64 bytes from 192.168.6.247 (192.168.6.247): icmp_seq=1 ttl=63 time=0.898 ms
64 bytes from 192.168.6.247 (192.168.6.247): icmp_seq=2 ttl=63 time=1.12 ms
Step 5: Detach from your containers & deactivate the containers:
From within the ansible container, type “exit” to leave the container. Then use the docker-compose command to deactivate the containers:
docker-compose down
Step 6 (From this point forward, the only commands you’ll really need when building):
From now on, we skip the build commands. Run the docker-compose command from within the container directory on your host system:
docker-compose up
docker-exec -it ansible bash
Step 7: Building a firmware example
You now should be good to go to use Docker Containers for pushing my firmware recipes to your devices.

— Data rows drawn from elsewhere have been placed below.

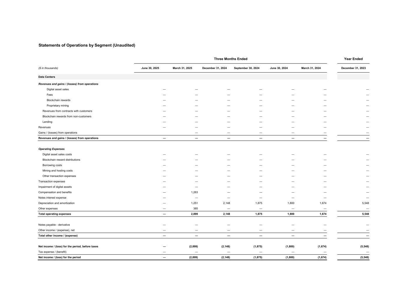 Statements of Operations by Segment (Unaudited) Three Months Ended Year Ended ($ in thousands) June 30, 2025 March 31, 2025 December 31, 2024 September 30, 2024 June 30, 2024 March 31, 2024 December 31, 2023 Data Centers Revenues and gains / (losses) from operations Digital asset sales — — — — — — — Fees — — — — — — — Blockchain rewards — — — — — — — Proprietary mining — — — — — — — Revenues from contracts with customers — — — — — — — Blockchain rewards from non-customers — — — — — — — Lending — — — — — — — Revenues — — — — — — — Gains / (losses) from operations — — — — — — Revenues and gains / (losses) from operations — — — — — — — Operating Expenses Digital asset sales costs — — — — — — — Blockchain reward distributions — — — — — — — Borrowing costs — — — — — — — Mining and hosting costs — — — — — — — Other transaction expenses — — — — — — — Transaction expenses — — — — — — — Impairment of digital assets — — — — — — — Compensation and benefits — 1,263 — — — — — Notes interest expense — — — — — — — Depreciation and amortization — 1,251 2,148 1,875 1,800 1,674 5,548 Other expenses — 385 — — — — — Total operating expenses — 2,899 2,148 1,875 1,800 1,674 5,548 Notes payable - derivative — — — — — — — Other income / (expense), net — — — — — — — Total other income / (expense) — — — — — — — Net income / (loss) for the period, before taxes — (2,899) (2,148) (1,875) (1,800) (1,674) (5,548) Tax expense / (benefit) — — — — — — — Net income / (loss) for the period — (2,899) (2,148) (1,875) (1,800) (1,674) (5,548)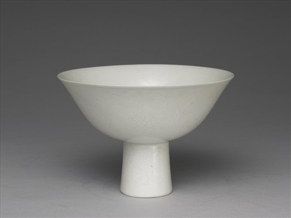 撇口,弧壁,高圈足,足部上窄下寬且中空,近底處微外侈。通體施白釉,內、外壁飾纏枝番蓮六朵,足壁亦飾纏枝番蓮紋,高足上部與碗底接合處飾蓮瓣紋一周,內、外口沿及足下部各加飾細線二道。紋飾以淺灰色線條勾勒輪廓,發色均勻,故製造出仿如透雕的浮凸效果。胎壁勻薄,足底露胎。碗心有「大清乾隆年製」雙行六字楷款,外加雙圈。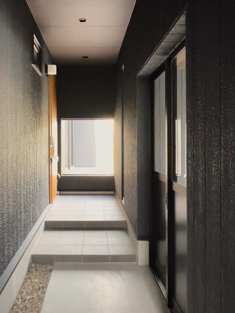 エントランスはインナーガレージ奥にある為、正面からは見えないようになっています。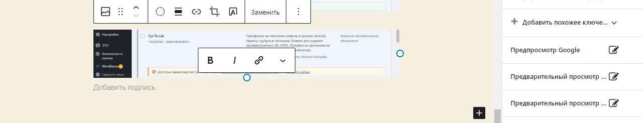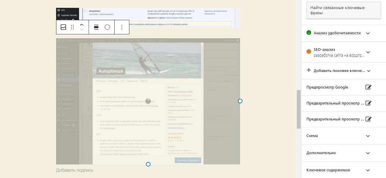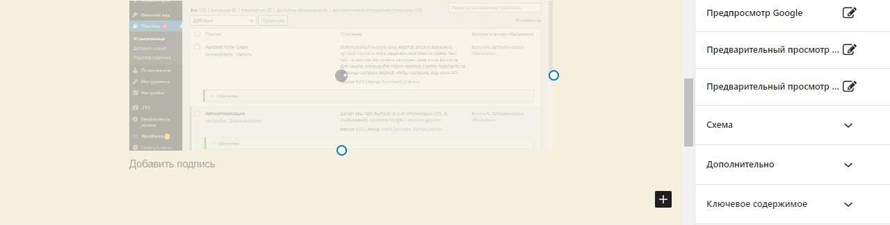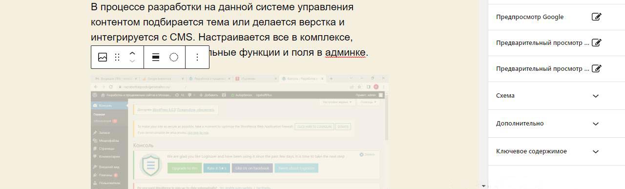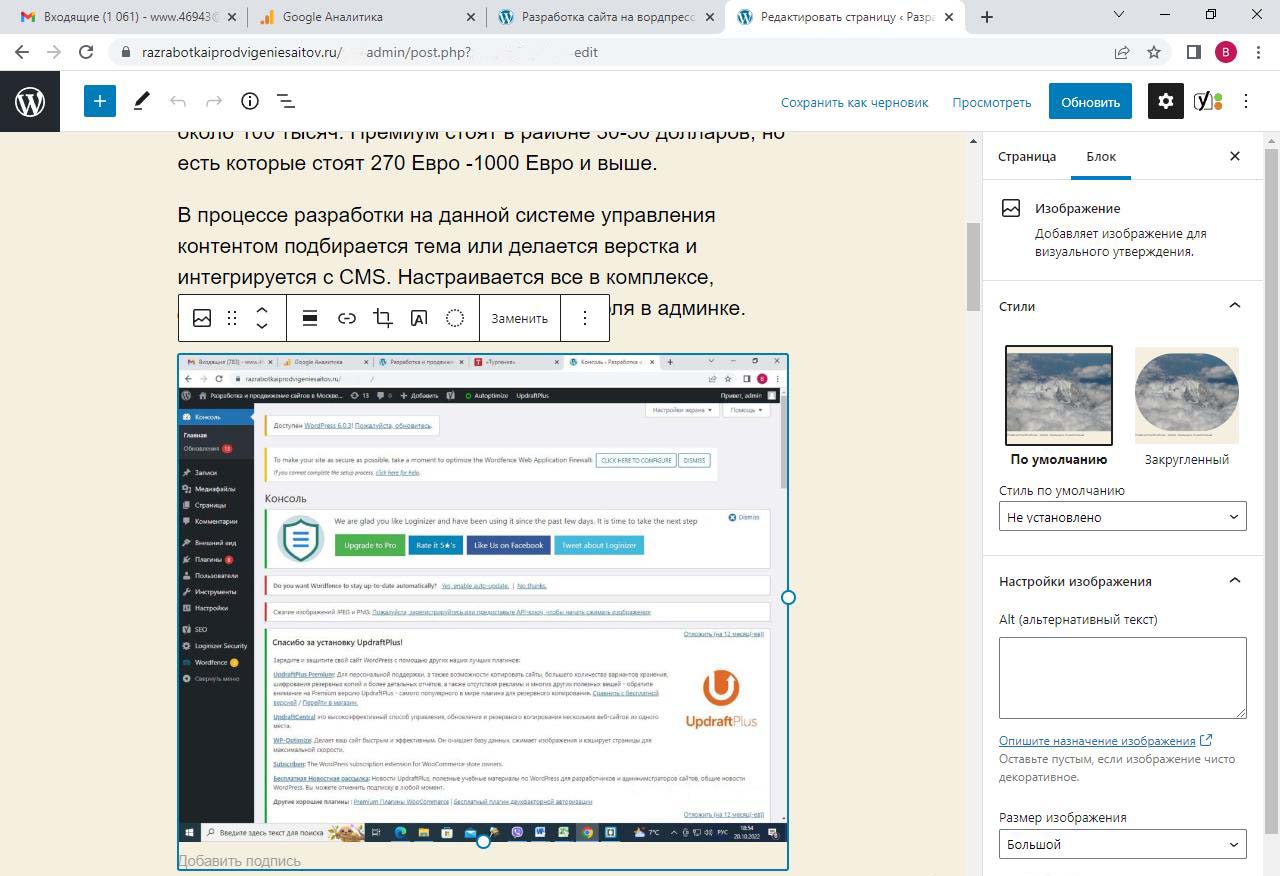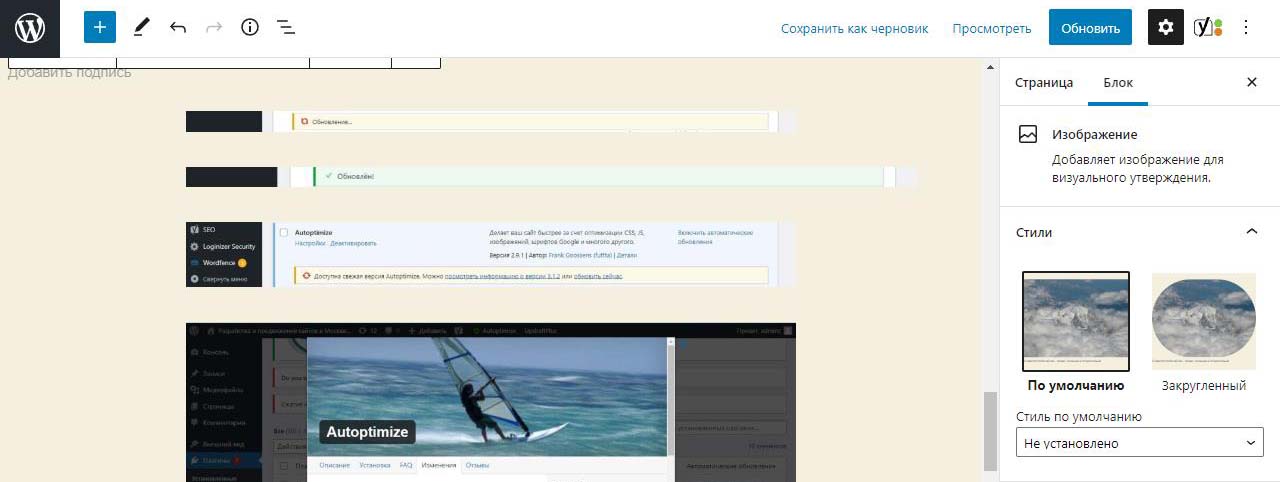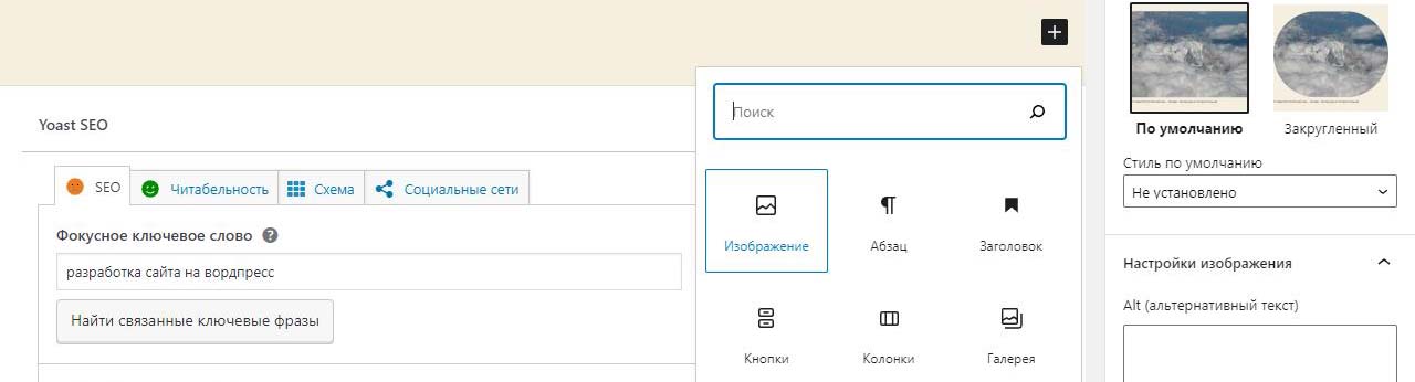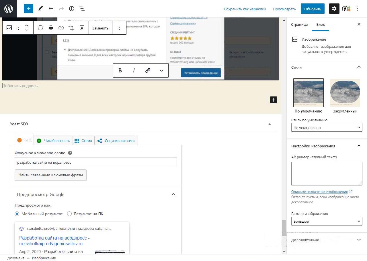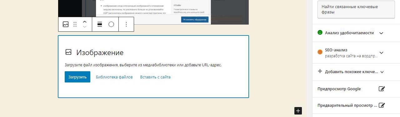 Картинка начнет вставляться в предпросмотр будущей страницы. Во время загрузки видна тускло и крутится колесико.

To try out the “hack this wifi” firmware, Go to your Host OS’s terminal and cd into the playbook directory ( I use /Users/Patrick/Development/Playbooks/DockerVolume). Run the following command:
git clone https://github.com/CaptainMcCrank/Learn_Linux_Networking_And_Hacking.git
Attach to your container:
docker-exec -it ansible bash
And now cd into your playbooks directory:
cd /home/pi/Playbooks/
If you run ls, you should see the “Learn_Linux_Networking_And_Hacking” directory. cd into it:
cd /home/pi/Playbooks/Learn_Linux_Networking_And_Hacking
If your ansibledest system is online, you can copy the container’s ssh key to the destination system, which enables you to use ansible to install software on the recipient device:
ssh-copy-id pi@ansibledest.local
And now you can deploy the firmware:
ansible-playbook run.yml
If for some reason you forgot to set your hosts file, you can fix this in ansible for your container’s session with the “export DOCKER_HOST=hostname.local” command- where hostname.local is your host system’s hostname.